# PROBLEM DETAILS:
Print the data once more, exactly as given. Drop the pictures.

# DATA PROVIDED:
=== Section Start ===
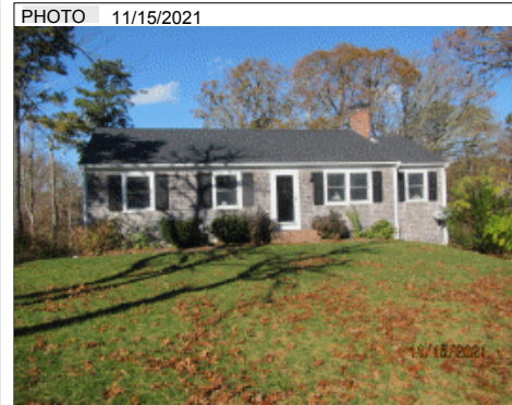
PHOTO 11/15/2021 BLDG COMMENTS INFO @ DOOR 11/15/21/ 8/24=LLF-1BDRM, OFFICE AREA
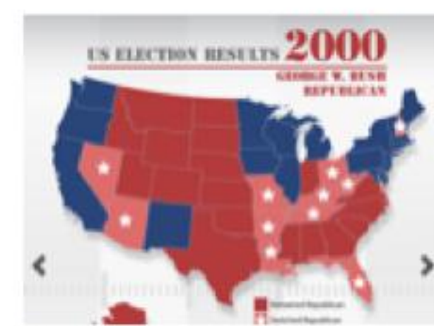
26/10/2012 2012 presidential election two decades of swing states
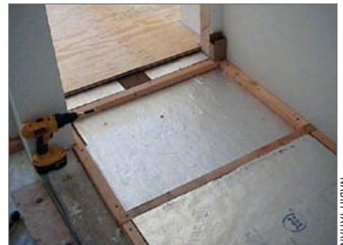
The floor is built up in two layers of insulation. Infiltration is eliminated at the critical points.
=== Section End ===
# RESPONSE BOX:
PHOTO 11/15/2021 BLDG COMMENTS INFO @ DOOR 11/15/21/ 8/24=LLF-1BDRM, OFFICE AREA
26/10/2012 2012 presidential election two decades of swing states
The floor is built up in two layers of insulation. Infiltration is eliminated at the critical points.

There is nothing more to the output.